PecanProject / pecan

The Predictive Ecosystem Analyzer (PEcAn) is an integrated ecological bioinformatics toolbox.
www.pecanproject.org
Other
199 stars 230 forks source link

Implementing multi-run workflows #869

Open ghost opened 8 years ago

ghost commented 8 years ago

For the work I'm doing, we need to automate doing similar PEcAn runs at many different sites. As I understand, there's a general interest in building this capability into PEcAn—essentially, having a new master workflow that triggers multiple related workflows in an intelligent way. @mdietze and I have discussed this offline a bit, and I wanted to elicit additional feedback here. I left out a lot of details and this still grew into a pretty big post, so apologies in advance for that...

Settings

I'm planning that we'd still have a single settings XML file for a multi-run workflow. First we'll need to separate out some non-run-specific settings from the run block, per GH-212. Then we can encasuplate multiple run blocks under a new runs (or runlist?) tag.

Changes to the workflow

There are some parts of the existing workflow.R that only need to be run once, even when initiating a multi-run workflow, including:

I think the rest (CONFIG, MODEL, OUTPUT, ENSEMBLE, SENSITIVITY, PDA) is conceptually run-specific.

So, the idea is that the master workflow would get set up, read in the settings file, and do the meta-analysis in about the same way it currently does. Then it would prepare settings objects for each run, and loop over these to perform the run-specific steps.

I'm not currently thinking about any grand meta-results-collection/analysis scheme. I just want the workflow to trigger all the runs. But obviously there are cool options for analyzing/displaying results from e.g. multiple sites run in a single workflow.

Directory structure

I'm assuming the master settings object will specify a main output directory, and then individual workflows will send all results to subdirectories. So I would propose replacing the "run" and "out" directories specified under host with a single "workflow.directory" entry. Then we can add a run.name tag under run to be used for naming a run-specific subdirictory within the workflow dir. "run" and "out" directories can go in there.

An alternative is to have master run/out directories (still specified under host), and put run-specific subdirs in each. This strikes me as somewhat less future-proof, but it would preserve the ability to keep "out" and "run" on separate drives (which I assume is why there are two directories under host rather than just one?).

Turn workflow.R into workflow(...)

I was thinking this and other tasks would be made easier by converting the current workflow script into a function. Initially it could simply take a settings object or path to an xml file as an argument, basically like the script does now. But we could also do things like add boolean arguments to turn on/off modules (overriding what's in the settings object—I thought this might be handy for testing). In offline discussions Mike and I had some of the same ideas about ultimately wanting the workflow to be very modular.

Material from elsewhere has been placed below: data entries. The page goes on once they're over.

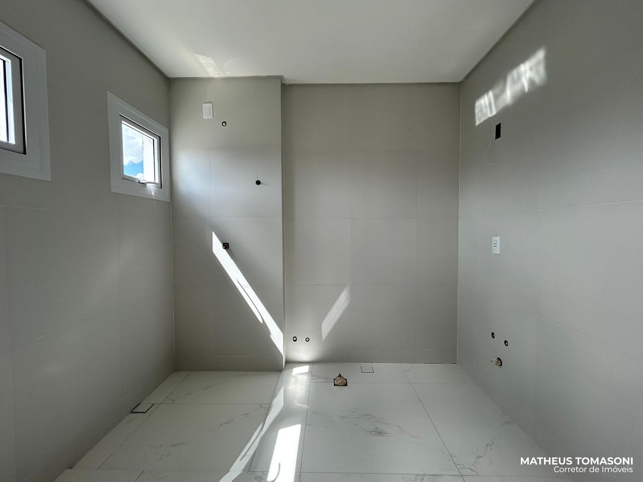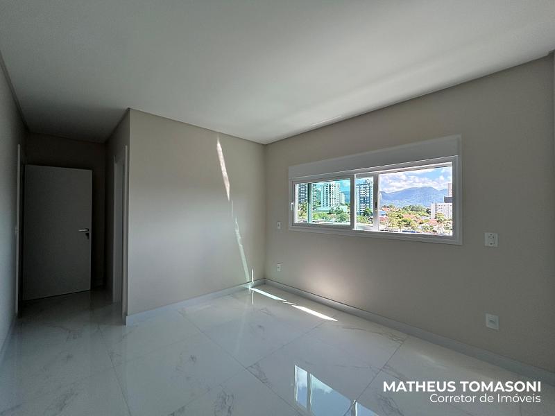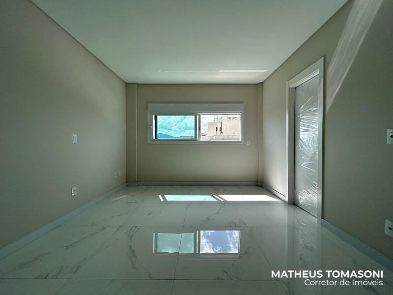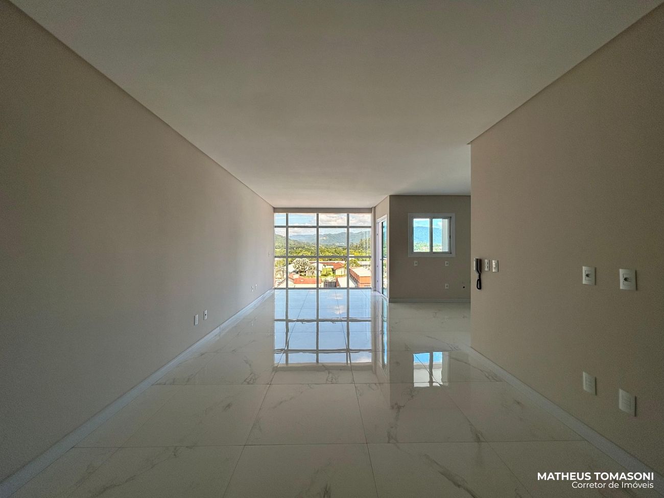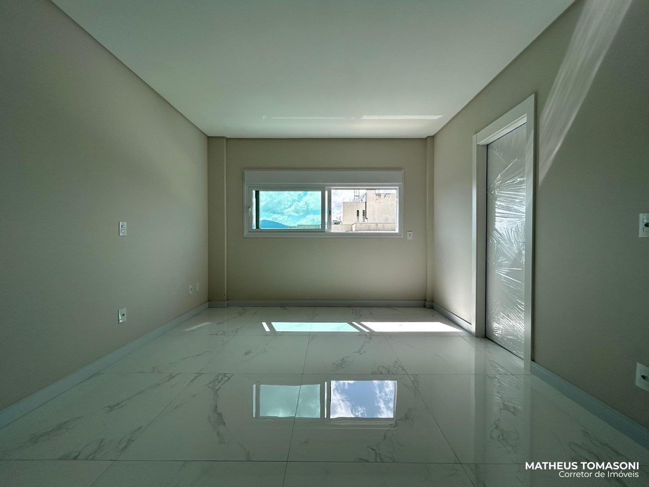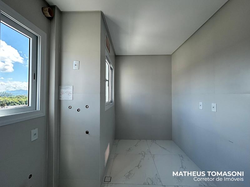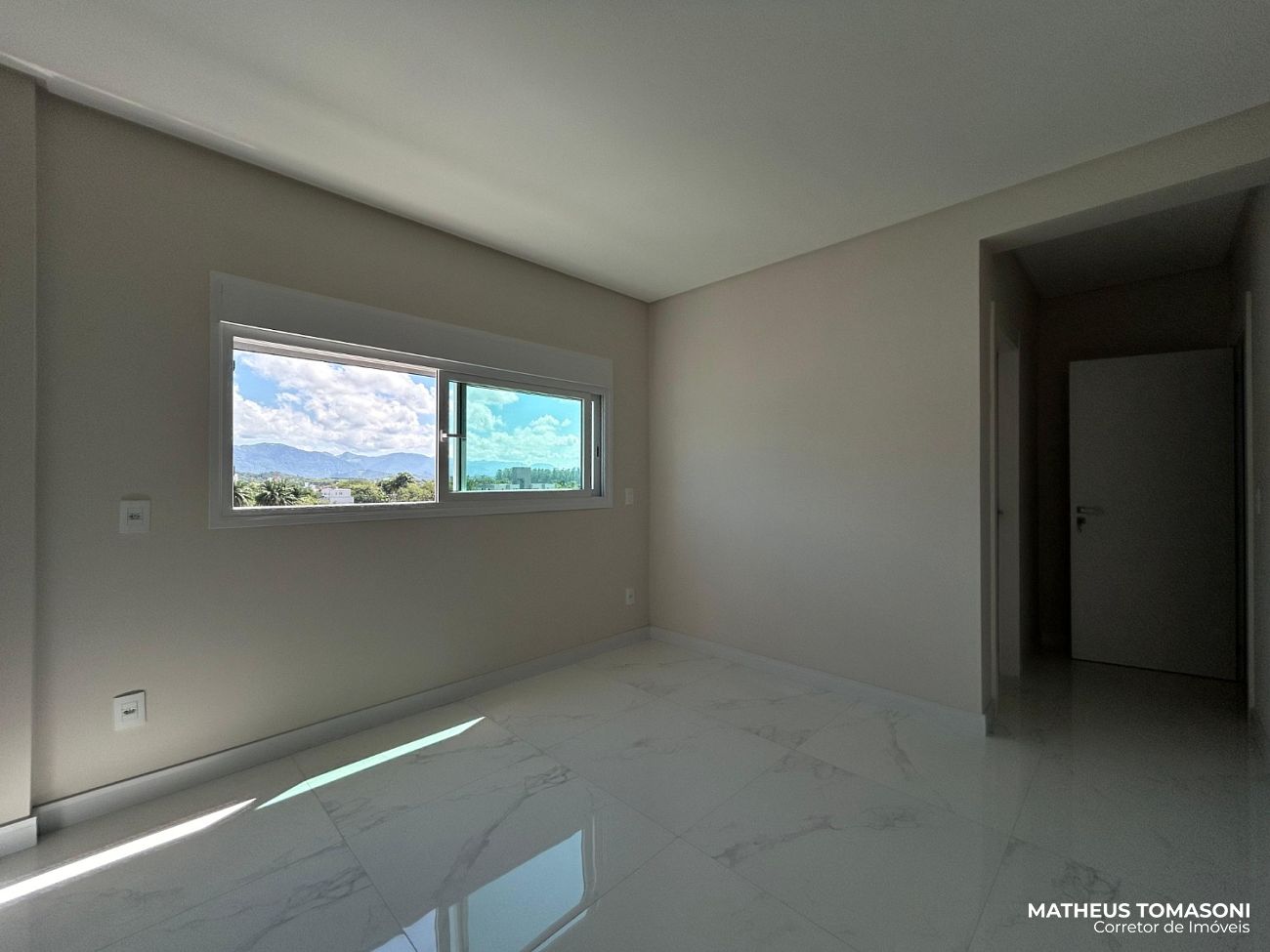 Apartamento com 160m², living integrado com pele de vidro, sacada aberta com churrasqueira, área de serviço ampla, lavabo e três suítes, sendo a principal com espaço de closet. Oferece três vagas de garagem boas.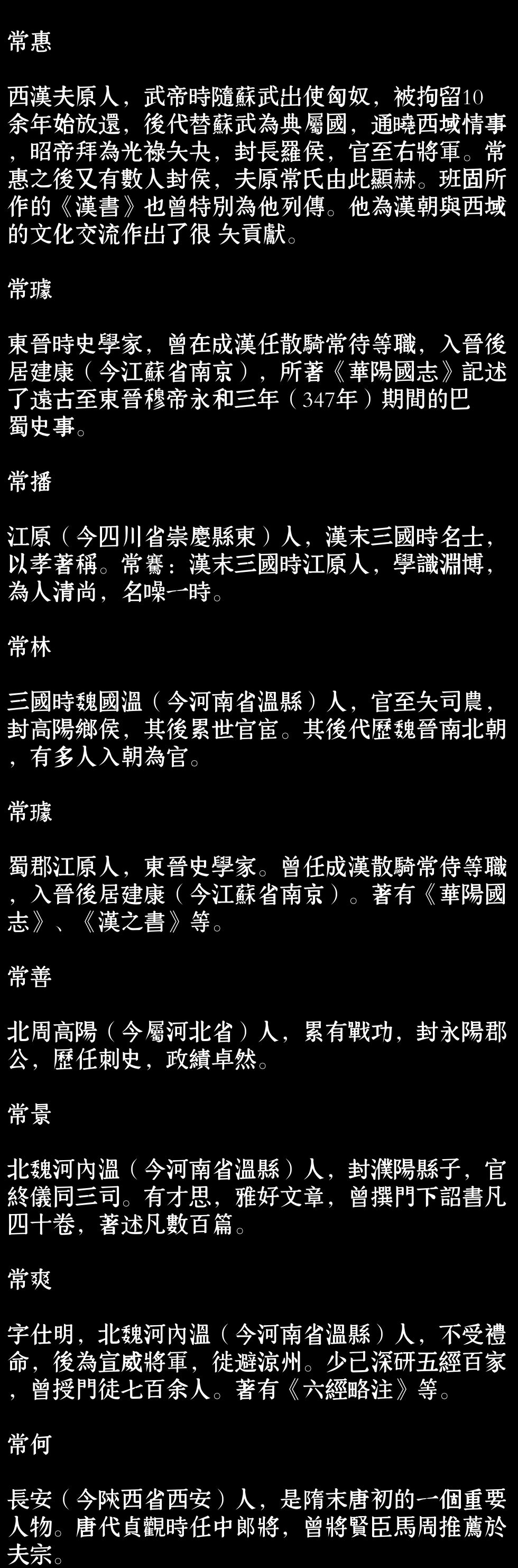 百家姓历史042——常氏家族资料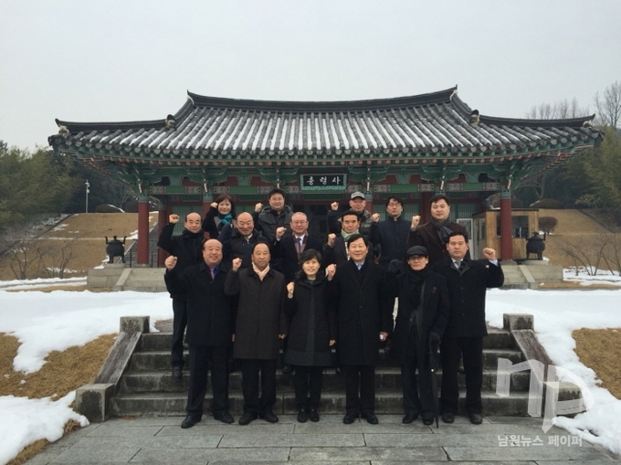 | 28일 선관위 등록 직후 남원시 향교동에 소재한 만인의총을 참배하고 총선승리 결의를 다지고 있다. |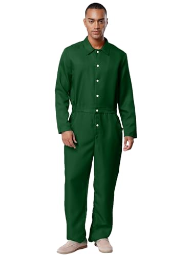 winying Halloween Prisoner Costume for Mens Cosplay Jumpsuit Long Sleeve Button-down Unitard Green L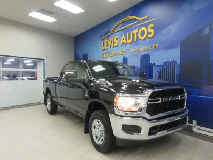 RAM 3500 2024 TRADESMAN ÉDITION CUMMINS 6.7 LITRES TURBO DIESEL 4X4 CREW-CAB / BOITE 6.4 POUCES / GPS NAVIGATION / FOND DE BOITE LINE-X / CAMÉRA DE RECUL / ÉCRAN 8.4 POUCES COMPATIBLE APPLECARPLAY ET ANDROID AUTO / PUSH START / AVEC SEULEMENT 23400 KM CERTIFIÉ ( UNIQUE PROPRIÉTAIRE,RATIO DE 3.73,RAPPORT CARFAX DISPONIBLE) MOTEUR 6 CYLINDRE 6.7 LITRES CUMMINS TURBO DIESEL OFFRANT LA PUISSANCE DE 370 HP ET 850 LB-FT. TRANSMISSION AUTOMATIQUE AVEC LE MODE SHIFTRONIC A 6 VITESSE,PUSH START, AIR CLIMATISÉ, ATTACHE-REMORQUE CONTROL DE FREIN ÉLECTRIQUE DE COMPAGNIE, VITRES TEINTÉES, GROUPE ÉLECTRIQUE COMPLET,FOND DE BOITE LINE-X, RADIO AM/FM, CRUISE CONTROL, VOLANT AJUSTABLE ET TÉLESCOPIQUE, RPM, PHARES AUTOMATIQUE, FREIN ABS, TÉLÉ-VERROUILLAGE.GARANTIE DE 6 MOIS OU 10000 KM MOTOPROPULSEUR (GARANTIE PROLONGÉE DISPONIBLE À PRIX IMBATTABLE AVEC NATIONALE) FINANCEMENT RAPIDE ET AVANTAGEUX EN LIGNE OU SUR PLACE. CAMION EN TRES BONNE CONDITION A VOIR ABSOLUMENT.POUR PLUS DINFOS : 418-838-4242/418-554-7565. NOUS SOMMES SITUÉ AU 4585 BOULEVARD GUILLAUME-COUTURE, LÉVIS, G6W 6M6. LE PLUS GRAND CHOIX DE VÉHICULES USAGÉS À LÉVIS. AU PLAISIR DE VOUS SERVIR! VISITEZ NOTRE SITE INTERNET WWW.LEVISAUTOS.COM

I thought functionalizing it was a good first step (and had some specific details in mind that would be useful to me for the current work), though he wasn't so sure. Perhaps this belongs in a separate issue, but thought I'd mention it here.

Job management

Finally, since the meta-workflow is going to call potentially many individual workflows and each of those could require potentially many model runs, some thought needs to go into how to manage the jobs. Obviously we don't want to just run the individual workflows sequentially. On the other hand, running them completely in parallel is probably a bad idea too—even if all the model runs are getting farmed out to a cluster where they're handled by a queue, you'd still have a process for each workflow running on the main machine setting up jobs, waiting for them, etc.

Again, maybe a separate issue (apparently related to some tricks of @robkooper's for batching SA/EA runs on geo?), but getting the ball rolling here...

dlebauer commented 8 years ago

Brainstorming a few of the use cases:

rykelly commented 7 years ago

I have a rough version of multi-site PEcAn working here. A couple of notes are below. Comments welcome but this is really just a brain dump / progress report. Feel free to wait until I get things cleaned up a bit.

github-actions[bot] commented 4 years ago

This issue is stale because it has been open 365 days with no activity.